Data Unit Tests
Data Unit Test Use Cases
Most teams that we’ve talked to have some form of data quality unit tests already set up, and ask if we recommend migrating everything to Metaplane to save on maintenance time for those tests. The answer is that it depends on whether the outcomes of those tests are boolean or scalar. Some examples of boolean outcomes are:
- Every id is unique
- An order amount is never above $10000 (an example of a department constraint)
- No null values
In these cases, you won’t necessarily need to update your tests and thresholds often, making a machine learning based approach to threshold maintenance less valuable. The only maintenance work you’ll need to do is tracking schema changes (to ensure your query still works on your intended fields or objects), and automation architecture.
Data Unit Test Automation
It is possible, especially in cases where data is infrequently updated (e.g. on a monthly or annual basis), to simply manually run queries. When data is actively being used in production, it’s much more efficient to automate tests to ensure data quality.
Two common ways that we’ve seen teams manage boolean unit test automation are:
- Implementing dbt tests alongside dbt models: This approach requires that you’re using dbt, but offers the benefit of running predefined tests alongside dbt models. With dbt tests, you can reuse your test types and failure triggers across multiple pipelines.
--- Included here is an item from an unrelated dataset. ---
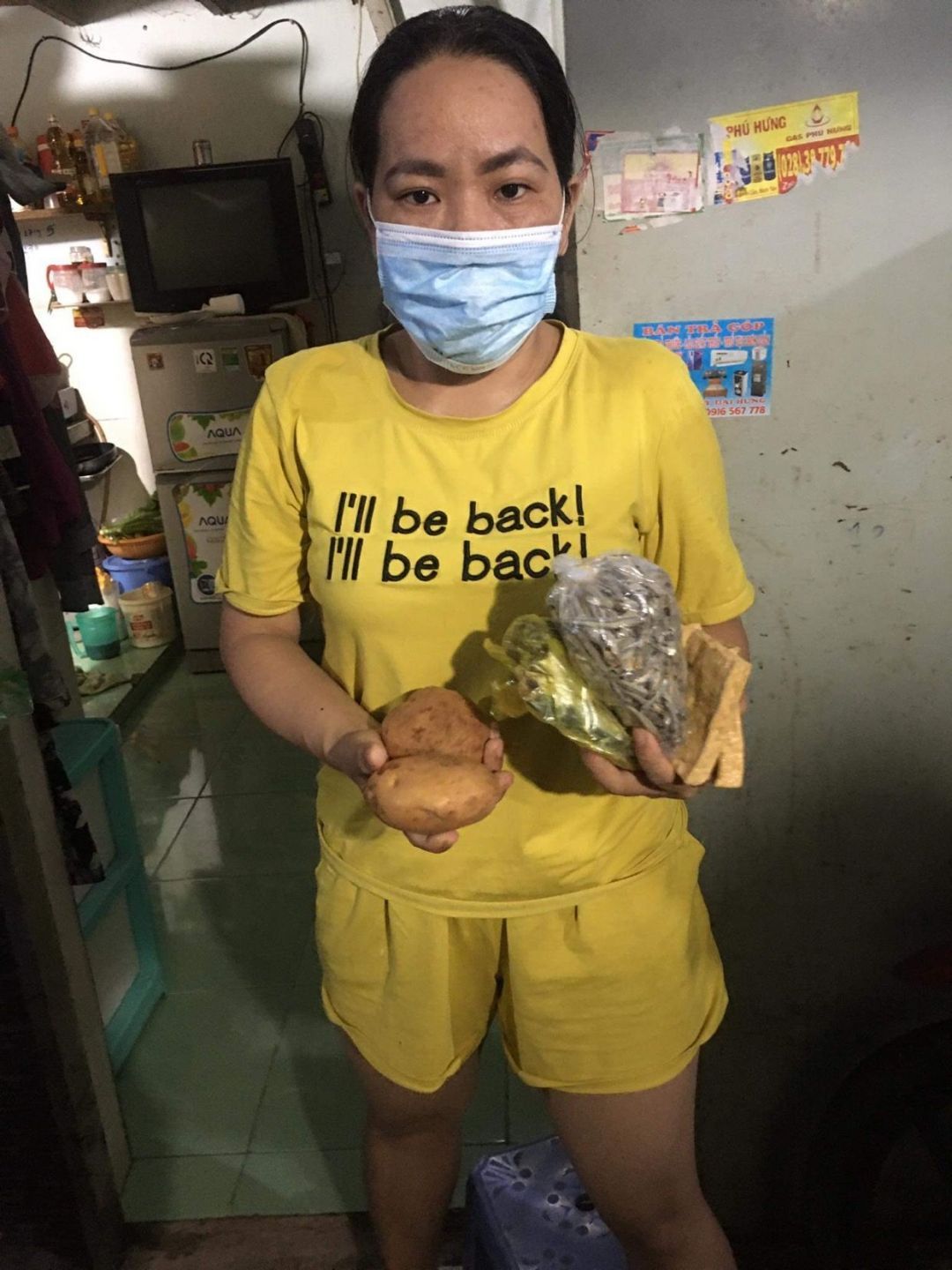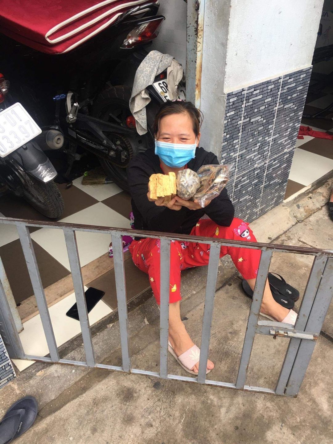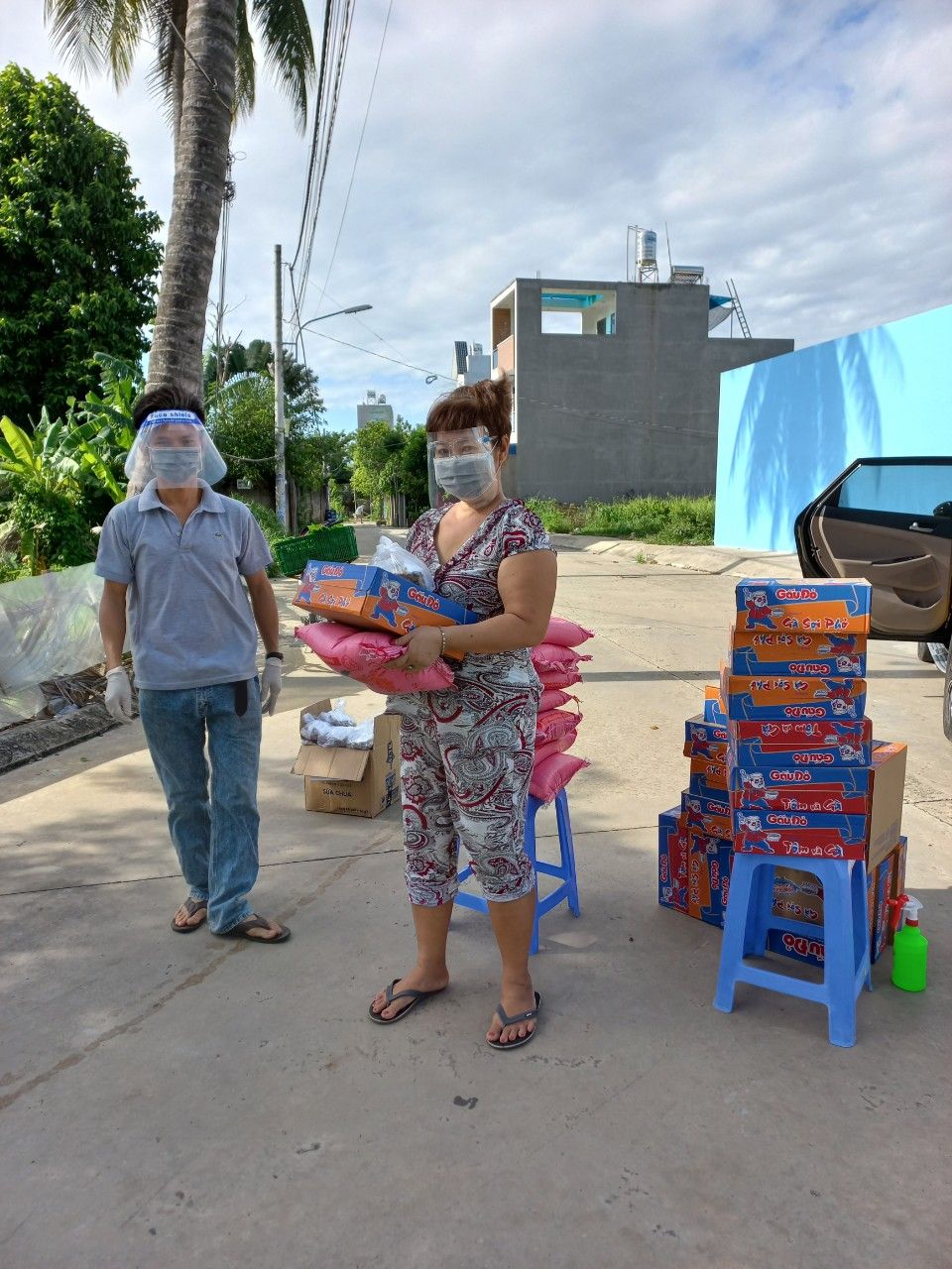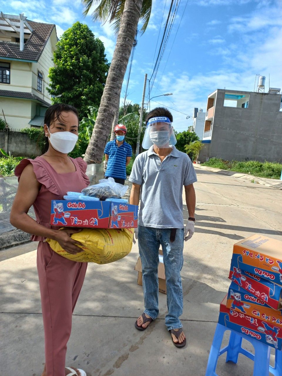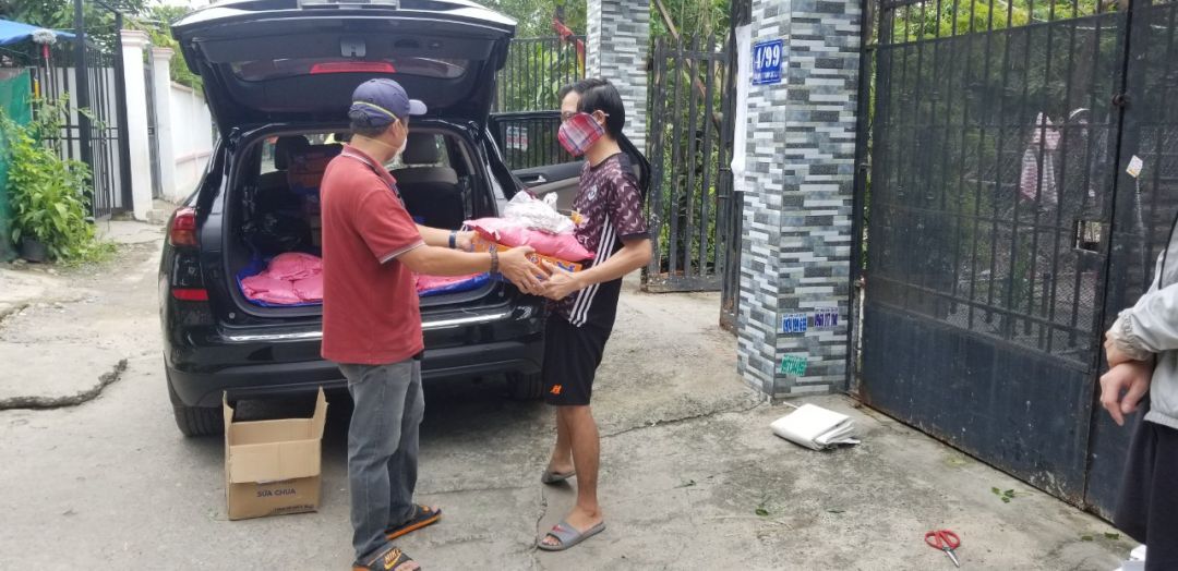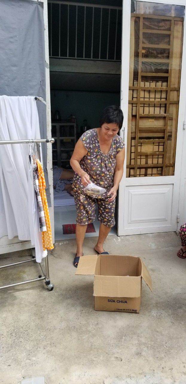 Và chuyển 83 phần quà đến 83 phòng trọ tại 126 Trần Thanh Mại, Bình Tân, mỗi phần bao gồm : 2kg gạo, 10 gói mì, 5 trứng vịt, 4 miếng đậu hủ, bịch khô cá cơm 200gr, khô cá chỉ vàng do bà con Quảng Trị tặng, 200 bịch sữa cho 20 bé, 100kg cải xanh, khoảng 50kg củ các loại.
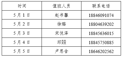 304am永利集团官网学工办劳动节假期值班表

- Implementing unit tests as part of your DAG: This approach doesn’t require vendor-specific tooling, but does require a function to call repeated tests (e.g. stored procedures) and an orchestration tool (e.g. Dagster), so that you can ensure that your tests are run either when data is updated or on a recurring basis.
In both cases, deciding on an alerting mechanism is crucial. dbt tests provide breach counts and can save failed rows to a designated schema table. SQL-based generic unit tests typically store results within the data warehouse. From here, you’ll need to determine how to trigger alert notifications with timing and recipients being essential.
The next question for data teams, then, becomes "What are signs that I should adopt a continuous data monitoring solution?"
- Maintenance times are growing: This can occur due to factors like an improperly implemented DAG or the need for scalar outcome testing instead of boolean outcomes. A proxy for this will be your work queue - are you spending more than 10% of your time managing tests, rather than working on revenue-driving projects?
- Test deployment backlog: Deploying tests on a new data product or schema is often just the beginning. Over time, downstream data consumers may discover new issues as their use cases evolve and test the pipeline differently. If you find yourself spending excessive time in scoping meetings and creating/validating tests, we recommend exploring how to create simple predictive models or evaluating vendors.
Unit tests for data issue prevention
If you have the engineering bandwidth, once you’ve implemented your unit tests, your team should also determine how to apply these tests prior to making any changes to your modeling queries, to proactively prevent rather than simply capture incidents. We refer to this as regressive testing.